* _GOAL OF THE EXERCISE_
Print the records below exactly, from the line containing "2-Piece Solid Wood" down to the line containing "胶管由内胶层、中胶层、钢丝增", both lines included, and omit every picture.

* _SOURCE INFORMATION_
*** Block opens ***

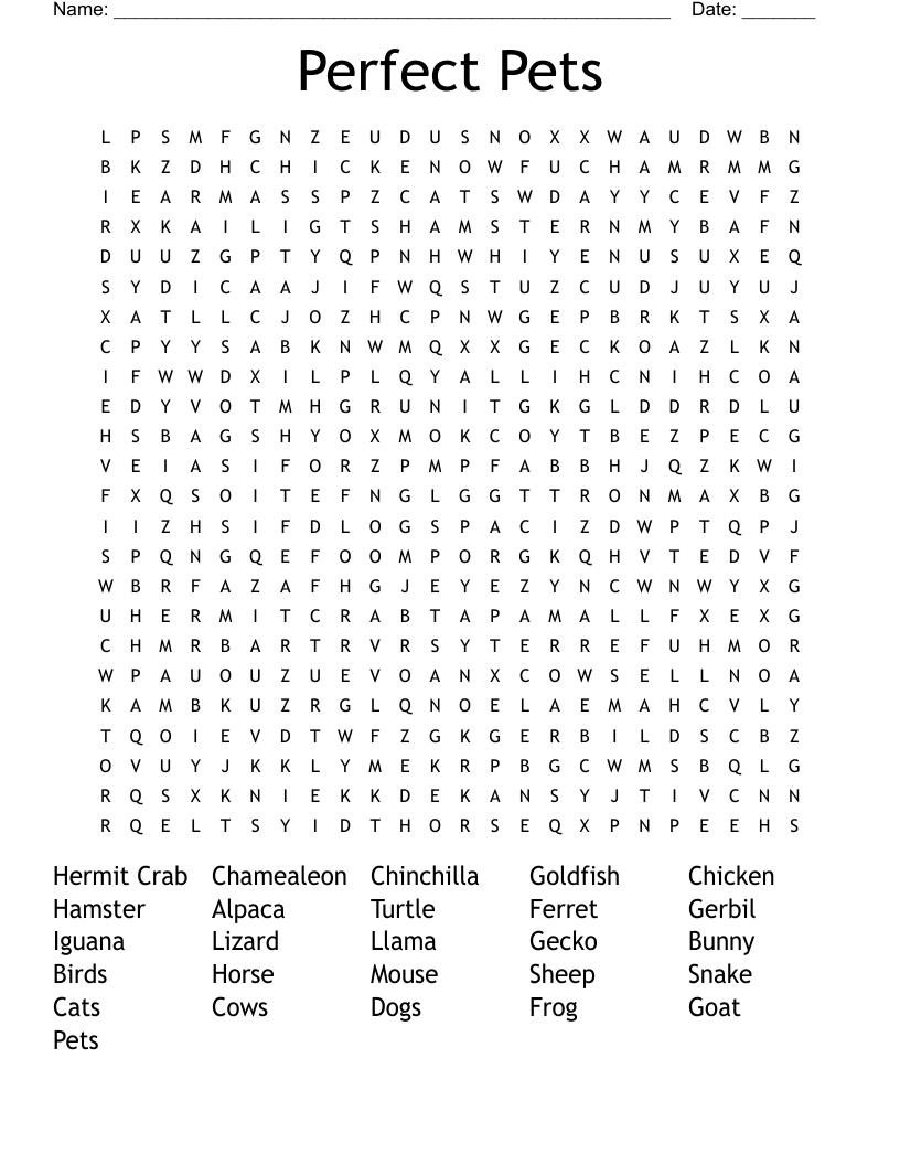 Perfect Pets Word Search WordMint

*** Block closes ***
*** Block opens ***

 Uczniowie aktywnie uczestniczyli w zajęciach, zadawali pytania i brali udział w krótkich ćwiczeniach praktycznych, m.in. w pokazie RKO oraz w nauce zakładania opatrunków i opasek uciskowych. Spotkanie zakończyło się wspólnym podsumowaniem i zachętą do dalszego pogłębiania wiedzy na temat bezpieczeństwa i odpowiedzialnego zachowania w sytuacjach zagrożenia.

*** Block closes ***
*** Block opens ***

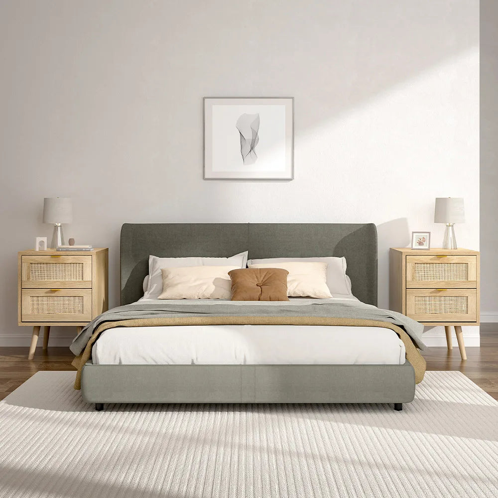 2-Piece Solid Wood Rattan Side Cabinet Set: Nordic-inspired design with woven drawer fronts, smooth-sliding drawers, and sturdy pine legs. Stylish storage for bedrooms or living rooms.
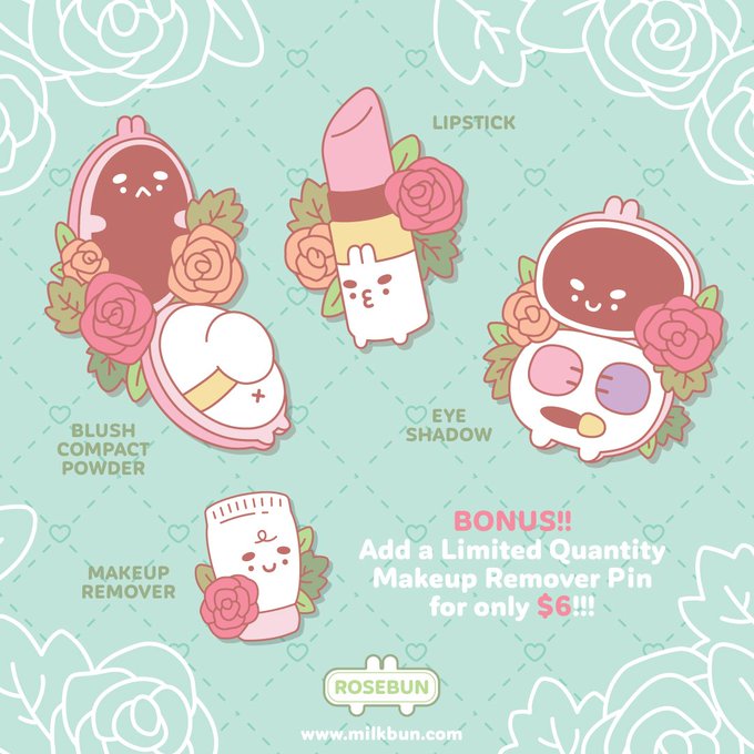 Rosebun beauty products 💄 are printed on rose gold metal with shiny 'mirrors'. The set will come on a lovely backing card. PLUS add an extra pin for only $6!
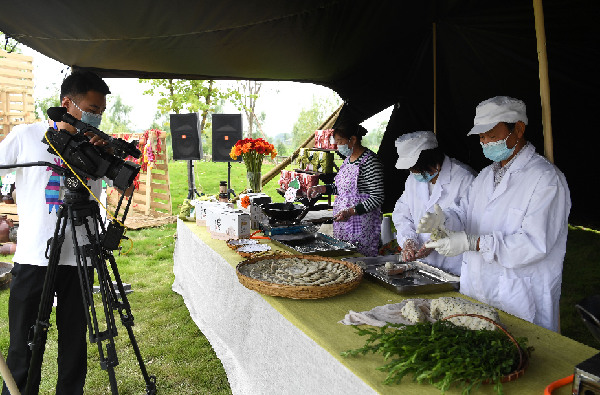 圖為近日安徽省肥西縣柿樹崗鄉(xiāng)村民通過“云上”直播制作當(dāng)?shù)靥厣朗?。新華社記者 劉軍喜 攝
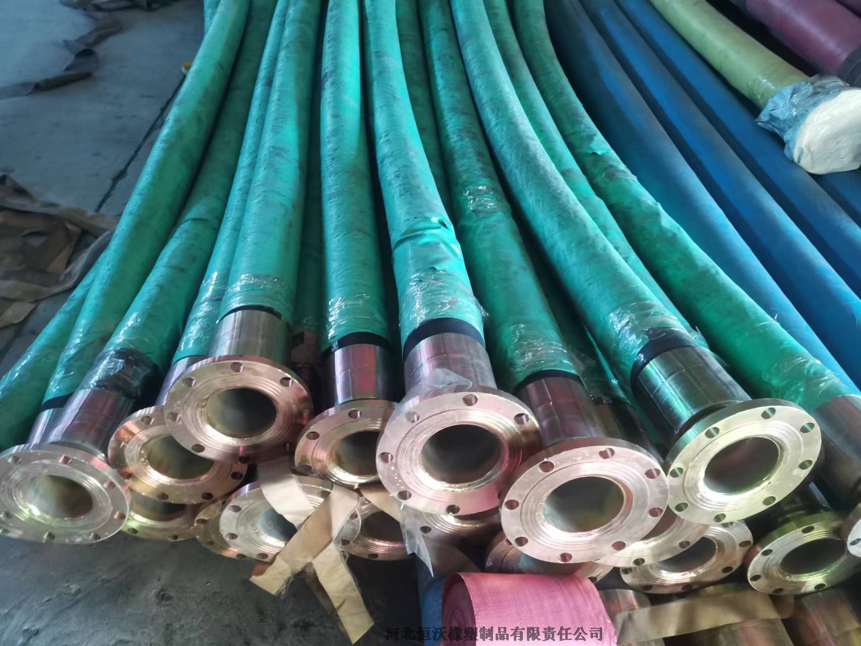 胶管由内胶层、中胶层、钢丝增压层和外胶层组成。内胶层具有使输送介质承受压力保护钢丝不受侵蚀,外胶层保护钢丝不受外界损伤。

*** Block closes ***

* _EXERCISE RESULT_
 2-Piece Solid Wood Rattan Side Cabinet Set: Nordic-inspired design with woven drawer fronts, smooth-sliding drawers, and sturdy pine legs. Stylish storage for bedrooms or living rooms.
 Rosebun beauty products 💄 are printed on rose gold metal with shiny 'mirrors'. The set will come on a lovely backing card. PLUS add an extra pin for only $6!
 圖為近日安徽省肥西縣柿樹崗鄉(xiāng)村民通過“云上”直播制作當(dāng)?shù)靥厣朗?。新華社記者 劉軍喜 攝
 胶管由内胶层、中胶层、钢丝增压层和外胶层组成。内胶层具有使输送介质承受压力保护钢丝不受侵蚀,外胶层保护钢丝不受外界损伤。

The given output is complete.